── Material supplied

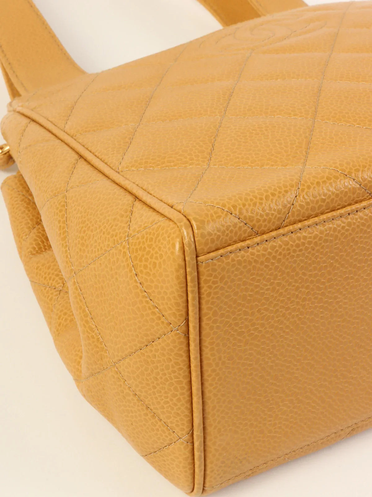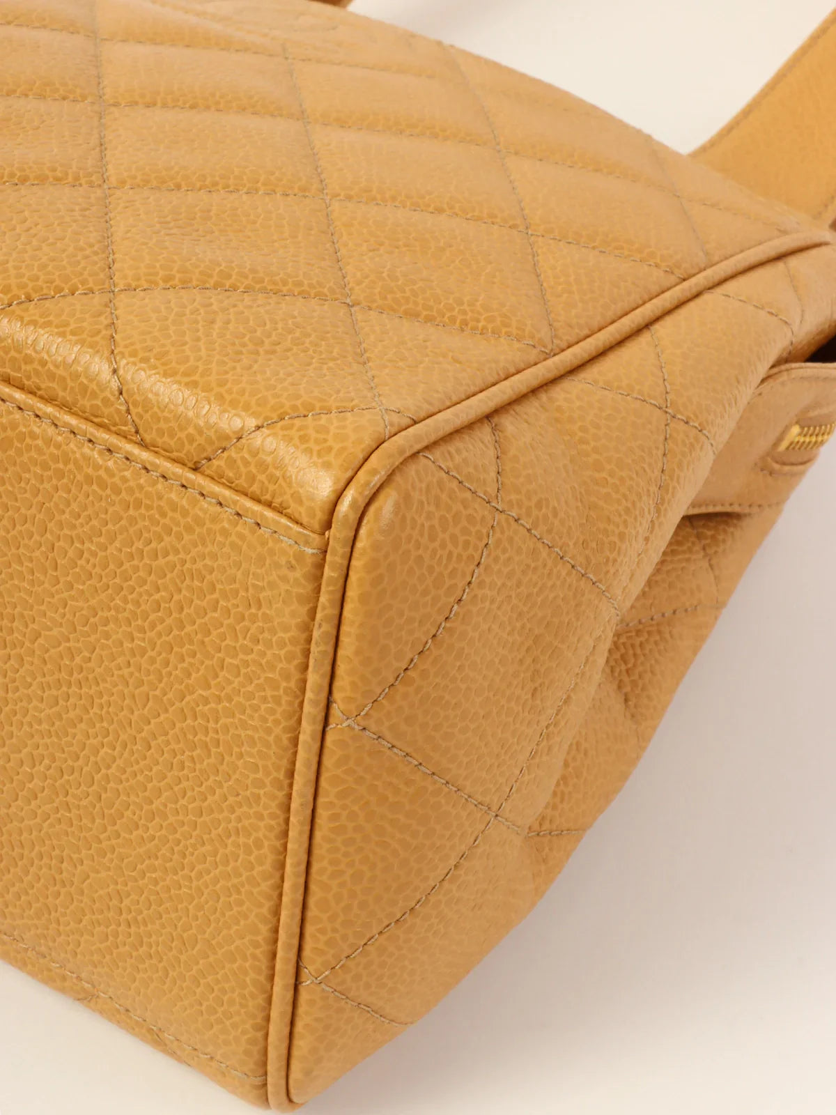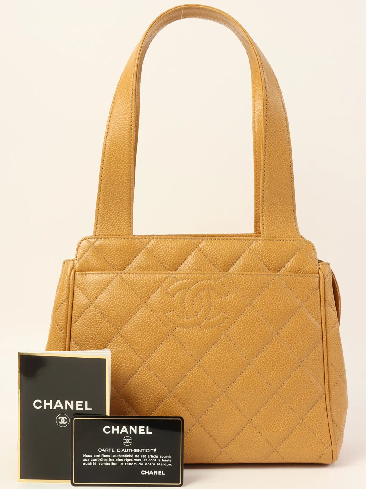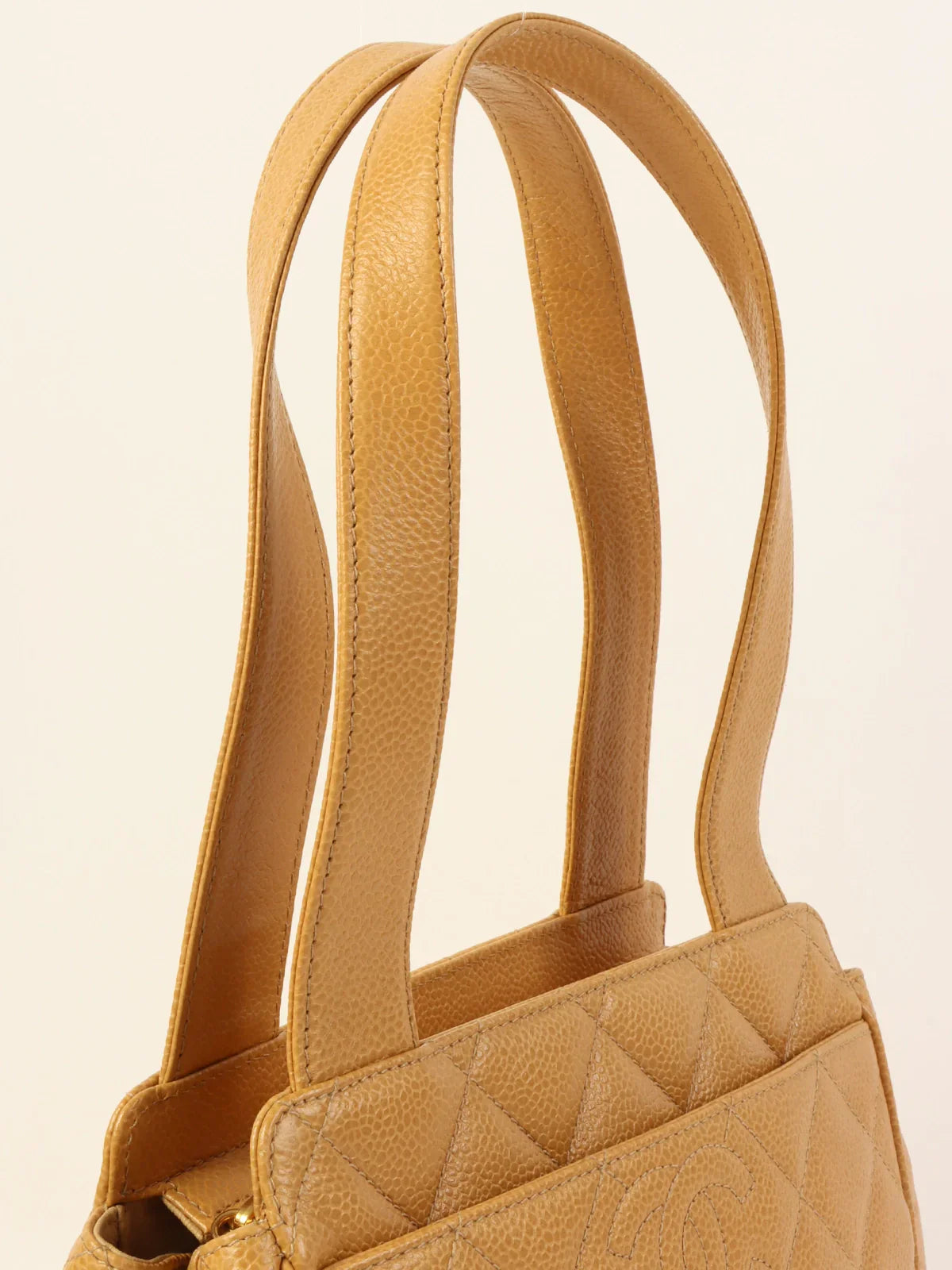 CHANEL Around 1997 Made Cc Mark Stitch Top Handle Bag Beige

────
── Material supplied

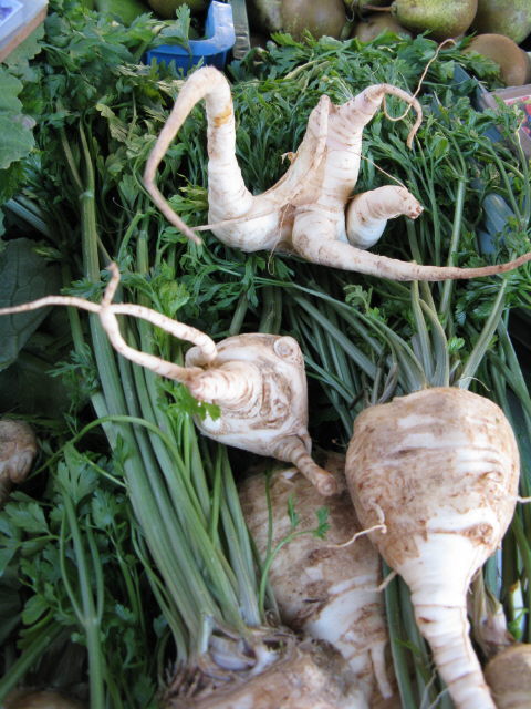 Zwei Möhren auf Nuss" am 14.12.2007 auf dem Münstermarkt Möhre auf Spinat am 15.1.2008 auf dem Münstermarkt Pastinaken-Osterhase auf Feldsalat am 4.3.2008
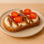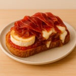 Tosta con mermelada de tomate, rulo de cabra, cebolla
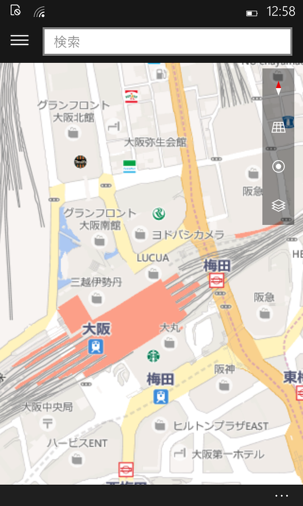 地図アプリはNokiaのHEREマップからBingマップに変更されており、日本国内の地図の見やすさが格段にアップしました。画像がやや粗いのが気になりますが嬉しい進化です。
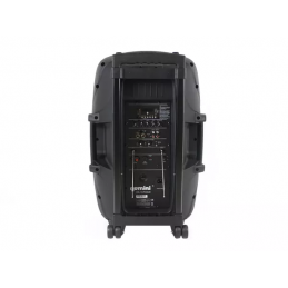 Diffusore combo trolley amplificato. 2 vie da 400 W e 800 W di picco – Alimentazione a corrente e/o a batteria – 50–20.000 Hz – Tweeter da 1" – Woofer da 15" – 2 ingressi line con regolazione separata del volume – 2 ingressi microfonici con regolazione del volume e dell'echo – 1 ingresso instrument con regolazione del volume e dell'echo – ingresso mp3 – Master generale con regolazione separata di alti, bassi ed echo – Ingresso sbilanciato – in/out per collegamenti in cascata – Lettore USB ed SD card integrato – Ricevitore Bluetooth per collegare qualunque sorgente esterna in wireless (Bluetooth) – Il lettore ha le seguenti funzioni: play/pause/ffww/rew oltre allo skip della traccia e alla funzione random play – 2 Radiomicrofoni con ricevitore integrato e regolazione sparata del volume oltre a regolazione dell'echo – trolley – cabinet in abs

────

### The task
Range to copy from the listing above: the line containing "Zwei Möhren auf" down to the line containing "Diffusore combo trolley", both included. Reproduce it exactly, minus the pictures, and add nothing.

### Response to this exercise
 Zwei Möhren auf Nuss" am 14.12.2007 auf dem Münstermarkt Möhre auf Spinat am 15.1.2008 auf dem Münstermarkt Pastinaken-Osterhase auf Feldsalat am 4.3.2008
 Tosta con mermelada de tomate, rulo de cabra, cebolla
 地図アプリはNokiaのHEREマップからBingマップに変更されており、日本国内の地図の見やすさが格段にアップしました。画像がやや粗いのが気になりますが嬉しい進化です。
 Diffusore combo trolley amplificato. 2 vie da 400 W e 800 W di picco – Alimentazione a corrente e/o a batteria – 50–20.000 Hz – Tweeter da 1" – Woofer da 15" – 2 ingressi line con regolazione separata del volume – 2 ingressi microfonici con regolazione del volume e dell'echo – 1 ingresso instrument con regolazione del volume e dell'echo – ingresso mp3 – Master generale con regolazione separata di alti, bassi ed echo – Ingresso sbilanciato – in/out per collegamenti in cascata – Lettore USB ed SD card integrato – Ricevitore Bluetooth per collegare qualunque sorgente esterna in wireless (Bluetooth) – Il lettore ha le seguenti funzioni: play/pause/ffww/rew oltre allo skip della traccia e alla funzione random play – 2 Radiomicrofoni con ricevitore integrato e regolazione sparata del volume oltre a regolazione dell'echo – trolley – cabinet in abs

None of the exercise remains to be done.